Scott Rehberg

No. 60, 79
- Position: Guard

Personal information
- Born: November 17, 1973 (age 52) Kalamazoo, Michigan, U.S.
- Listed height: 6 ft 8 in (2.03 m)
- Listed weight: 325 lb (147 kg)

Career information
- High school: Kalamazoo Central
- College: Central Michigan
- NFL draft: 1997: 7th round, 230th overall pick
- Expansion draft: 1999: 1st round, 3rd overall pick

Career history
- New England Patriots (1997–1998); Cleveland Browns (1999); Cincinnati Bengals (2000–2003); San Francisco 49ers (2004)*;
- * Offseason and/or practice squad member only

Awards and highlights
- First-team All-MAC (1996);

Career NFL statistics
- Games played: 79
- Games started: 27
- Fumble recoveries: 1
- Stats at Pro Football Reference

= Scott Rehberg =

American football player (born 1973)

Scott Joseph Rehberg (born November 17, 1973) is an American former professional football player who was a guard for seven seasons in the National Football League (NFL) for the New England Patriots, Cleveland Browns, and Cincinnati Bengals.

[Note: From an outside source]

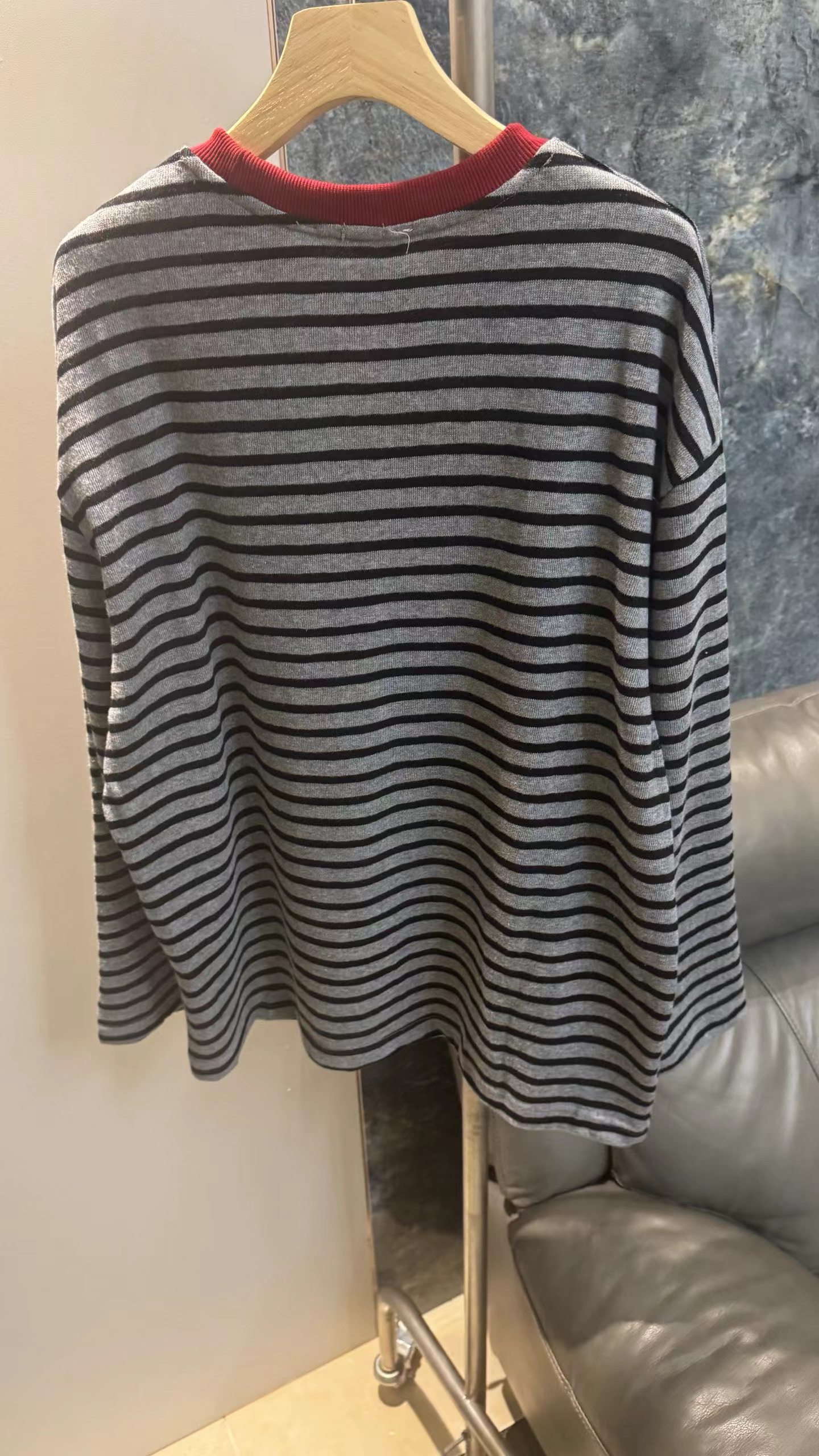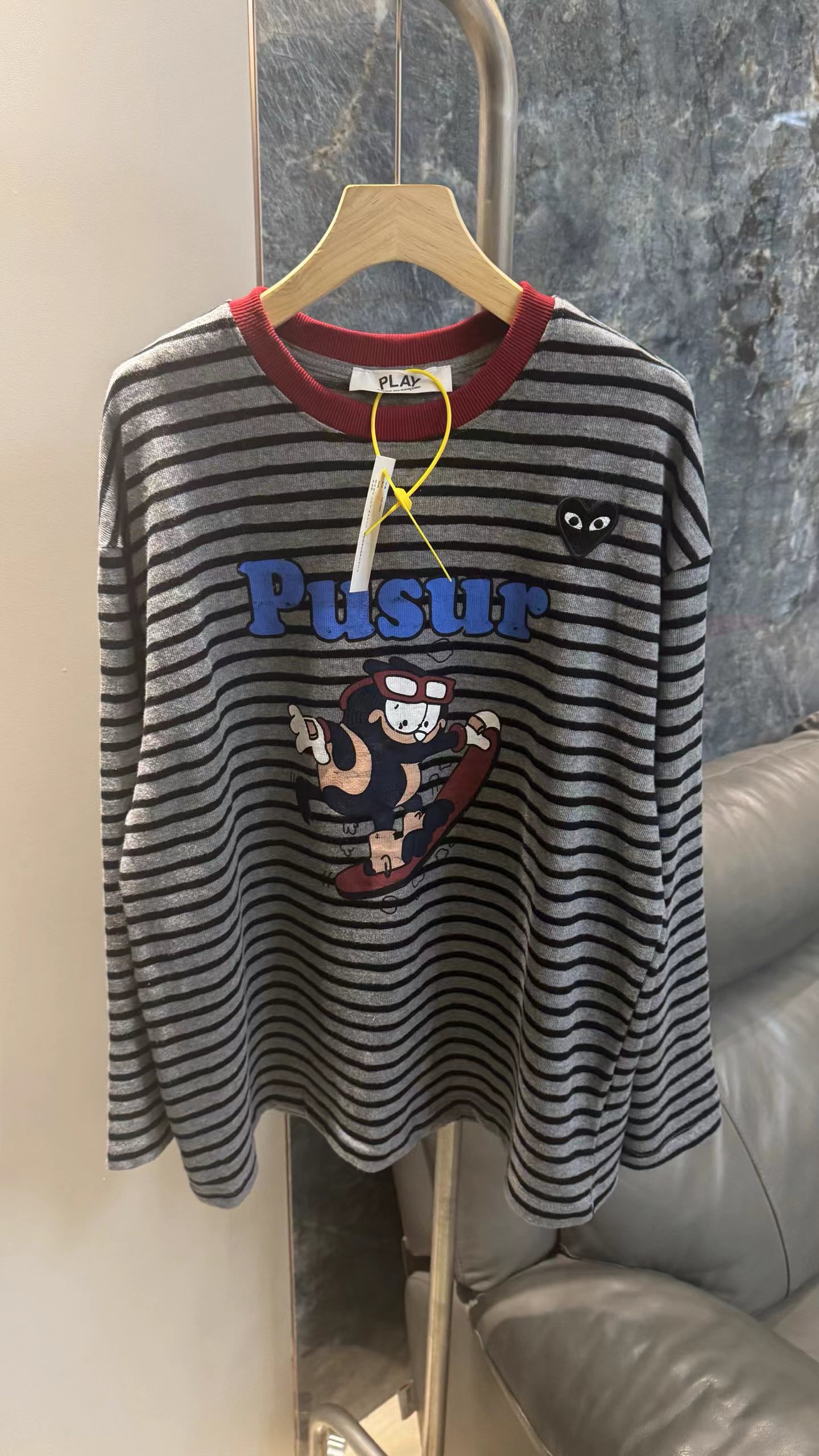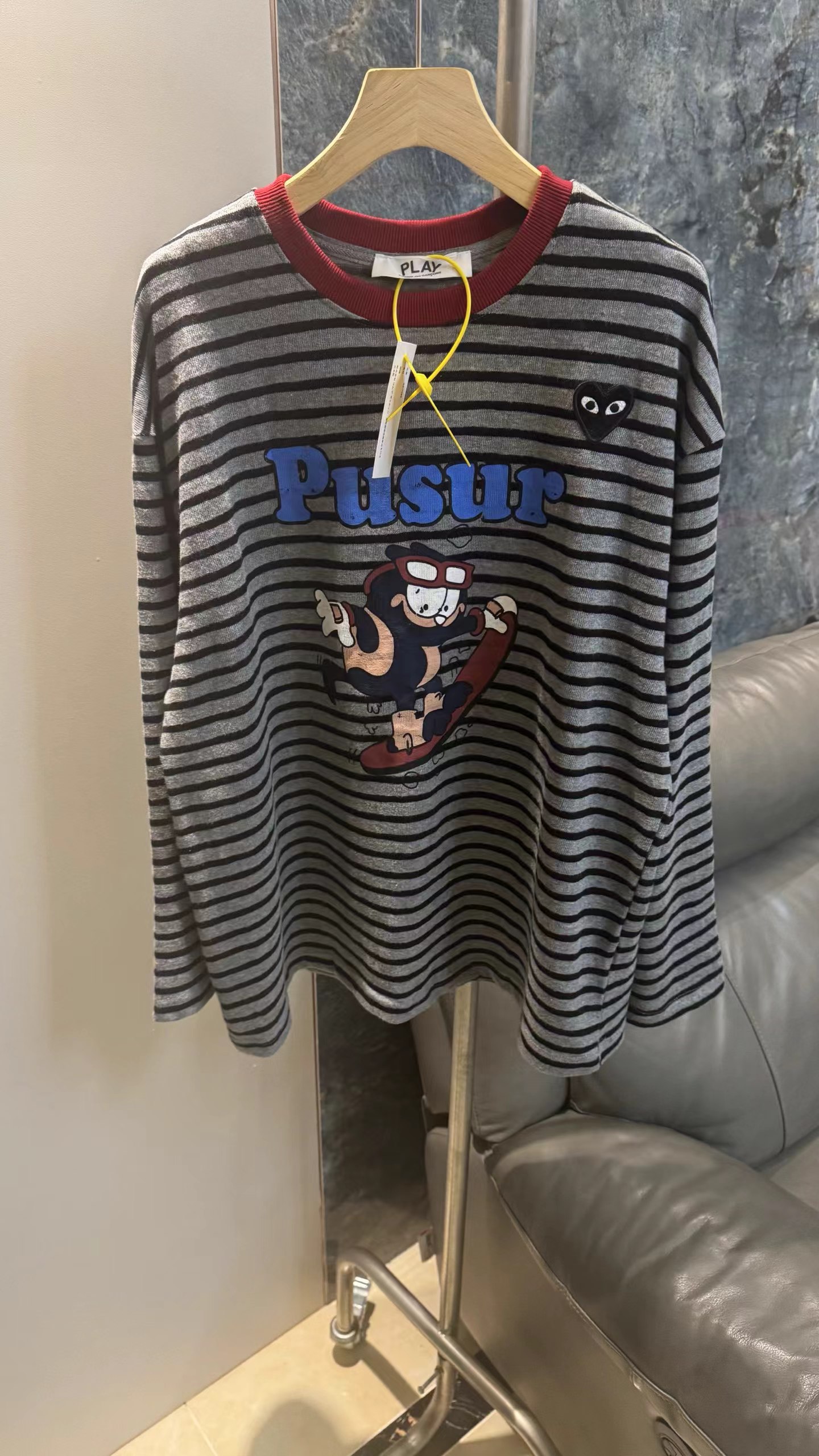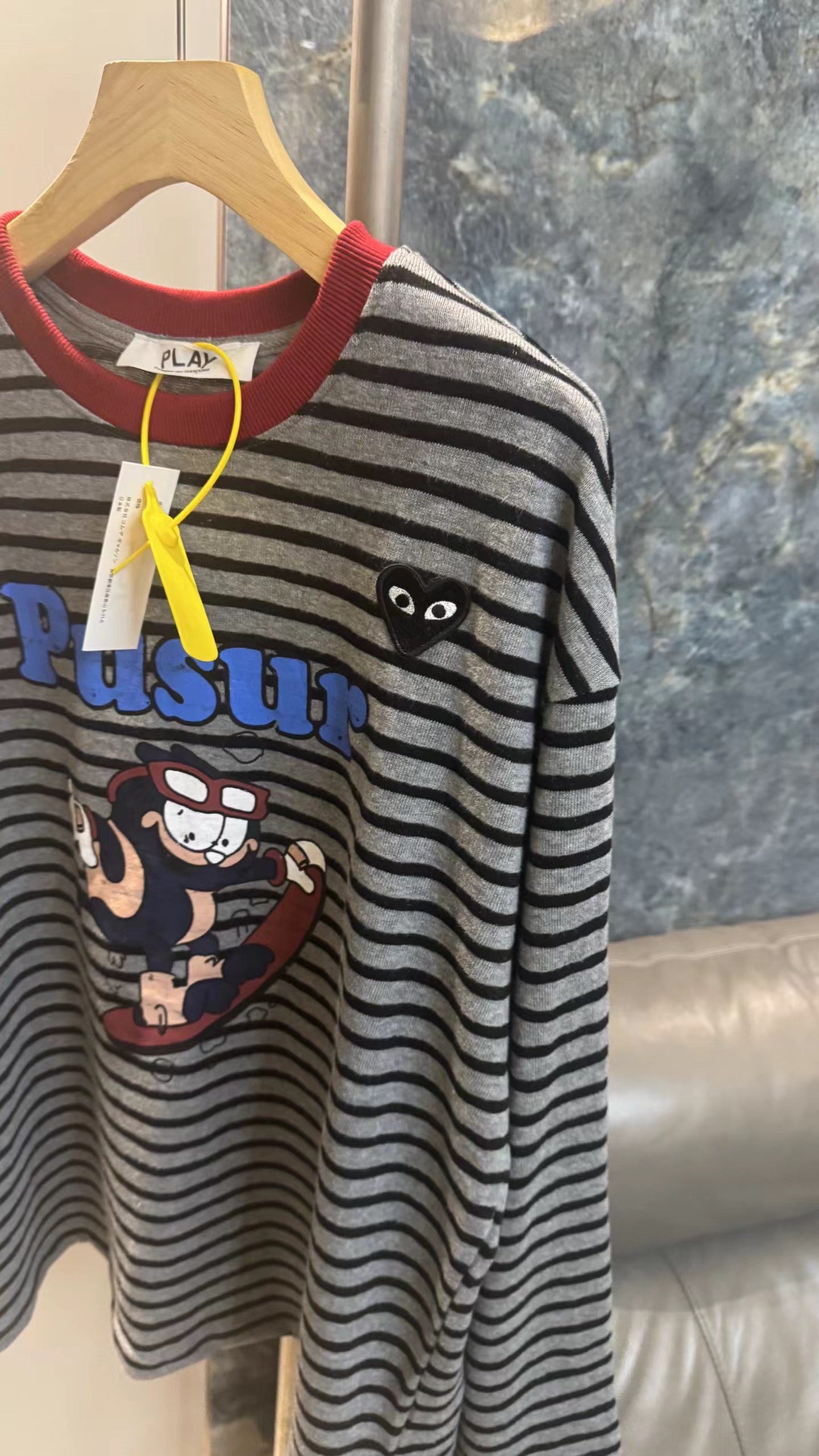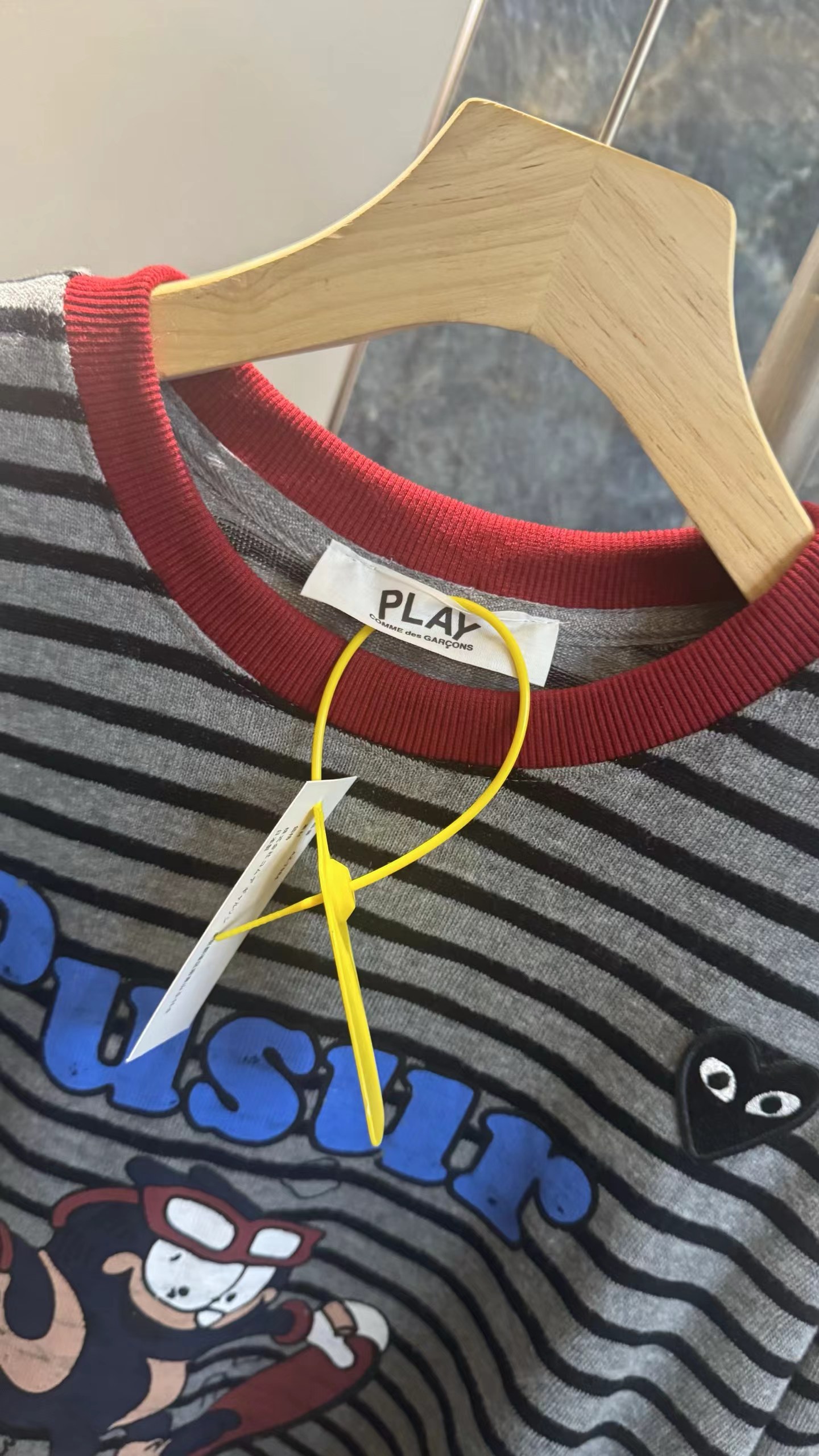 卡通条纹T恤日系复古街头风的活力穿搭,左胸的带眼睛的黑色爱心刺绣,灰底+黑细条纹,复古慵懒,视觉显瘦酒红色罗纹圆领,撞色点缀,提升复古氛围正面印有卡通滑板形象,充满美式街头童趣感宽松落肩剪裁,慵懒随性,适合下装失踪或搭配裤装正面有字母刺绣,与领口颜色呼应,打造美式复古感,修饰脸型叠戴在领口,增加层次感柔和甜美的配色,中和了条纹与卡通的跳脱感,增添温柔氛围休闲随性,强化日常出街感

He played college football for the Central Michigan Chippewas.

He was inducted into Central Michigan University's athletic Hall of Fame in 2014. He was a four-year letterwinner and three-year starter at left tackle. He earned first-team All-Mid-American Conference honors in 1996 and second-team in 1995. He helped CMU to the MAC championship in 1994, helping pave the way for three consecutive 1,000-yard rushers in Brian Pruitt (1994) and Silas Massey (1995 and 1996). Pruitt's 1,890-yard season in 1994 and Massey's 1,544-yard effort in 1996 remain the top two single-season rushing totals in CMU history. Rehberg was a key cog up front on the 1996 team that led the MAC in total offense and scoring, ranking as NCAA's 7th-best offense. He was named to the academic All-MAC team in 1995 and 1996, and was selected to play in the Hula Bowl, a college football all-star game, in 1997. Rehberg was selected by New England Patriots in 7th round of the 1997 NFL draft He played 79 NFL games, starting 27 over seven-year career.